The points appearing far from the diagonal correspond to division and fusion events, as shown by the squared correlation coefficients r2. Correlations are calculated on the pairs (PSEA or STRIDE length/KAKSI length) and are used as indicators for the dispersion about the diagonal. On the KAKSI/STRIDE comparison, r2 = 0.28 for all the 5146 pairs, but reaches 0.88 when only the 3755 one-to-one events are considered.
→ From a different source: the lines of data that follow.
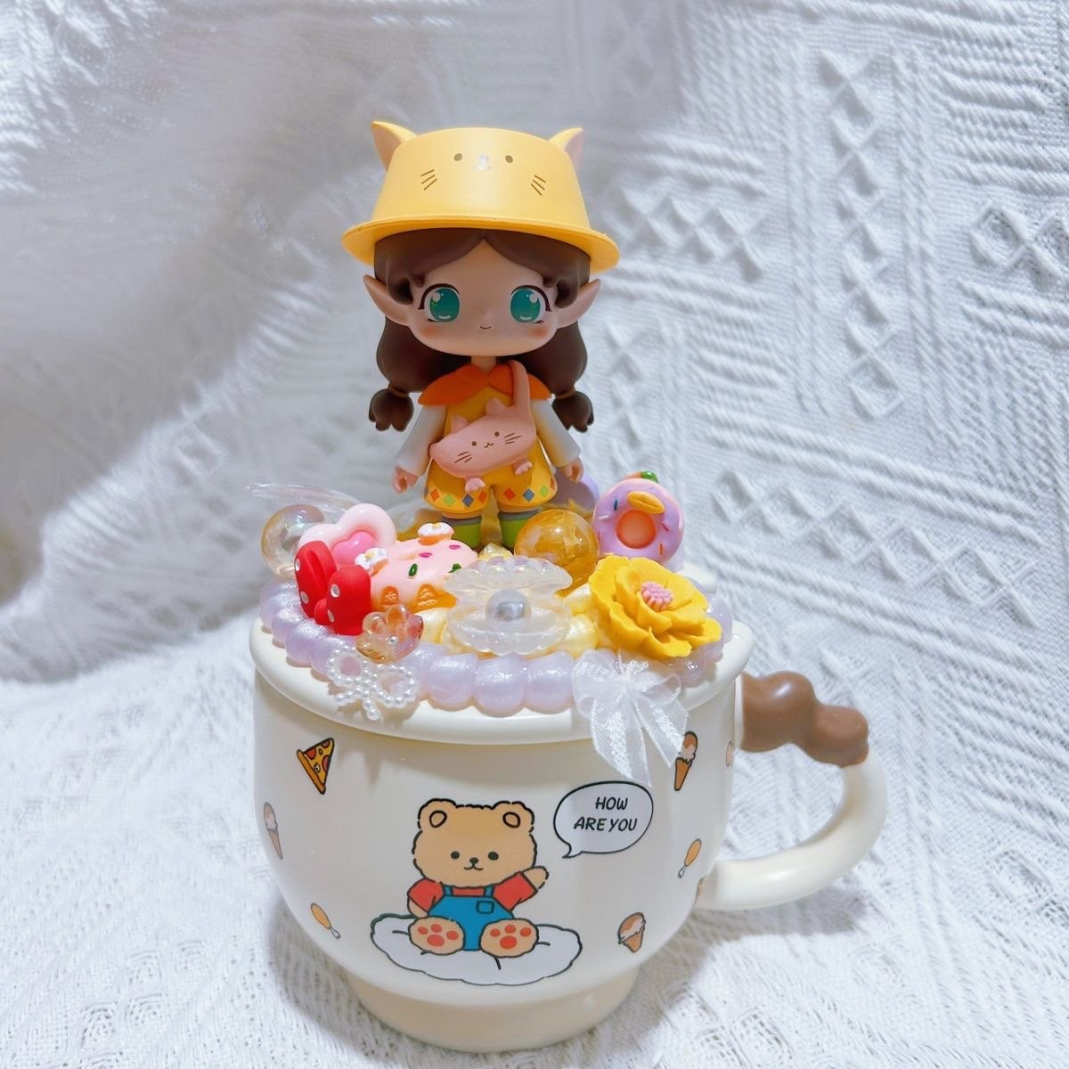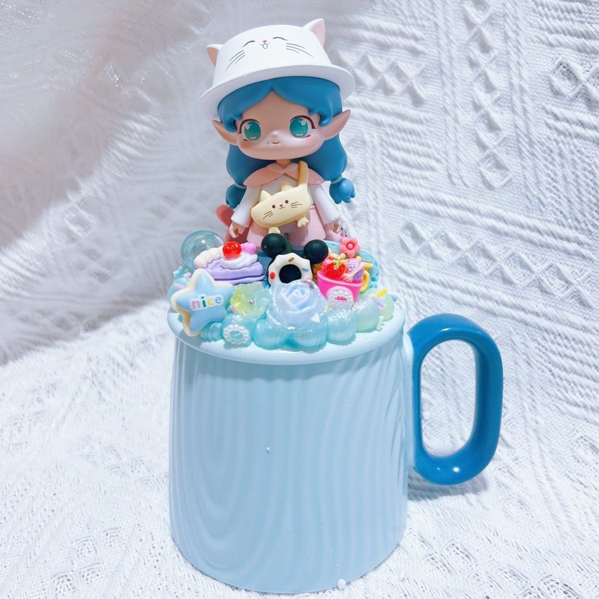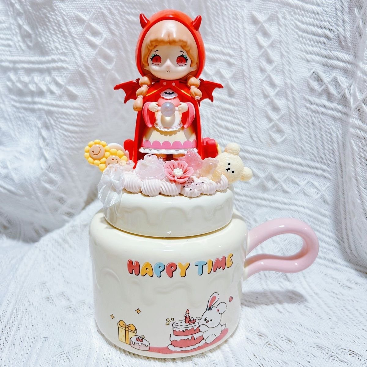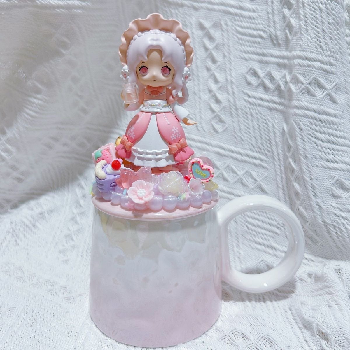 Genuine Bubble Mart Landscape Cream Glue Mug with Lid Ceramic Cup Couple Cup Water Cup Creative Cute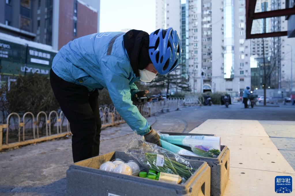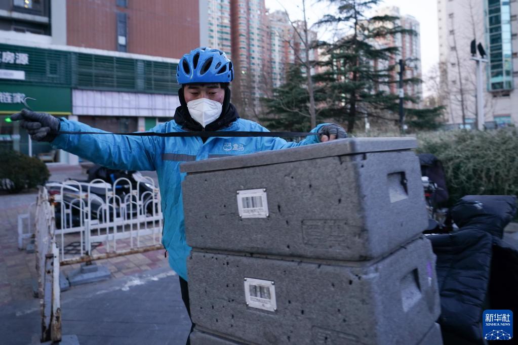 1月28日,在盒马鲜生北京十里堡店,配送员侯殿彬在打包固定要配送的第一单商品。侯殿彬32岁,来自内蒙古赤峰市,在盒马鲜生工作了三年。他希望兔年自己能多挣钱,常回家,家人和孩子都健健康康。当日是春节假期后开工第一天,各行各业的劳动者从“假期模式”切换回“工作模式”,迎来了兔年开工第一单,记者用镜头记录下他们奔忙的身影。新华社记者 鞠焕宗 摄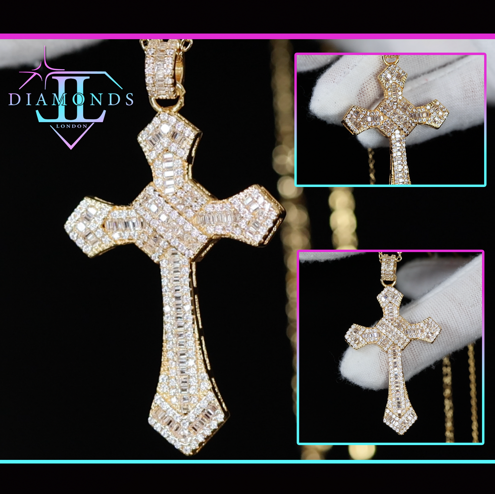 Gold Diamond Cross Pendant | Gold Baguette Diamond Cross Pendant

The remaining pairs correspond to 142 cases of fusion and 1249 cases of division events. Division events are responsible for the numerous observations of pairs of short helices in KAKSI assignment (5 to 9 residues) with longer helices in PSEA and STRIDE assignments (10 to 20 residues).

Similarly, for the KAKSI/PSEA comparison there are 4762 pairs (r2 = 0.23), distributed in 3443 one-to-one events (r2 = 0.85), 150 fusion and 1169 division events. Numerous cases of divisions appear on the plot as pairs of 5 to 9 residue helices for KAKSI and 10 to 20 residue helices for PSEA.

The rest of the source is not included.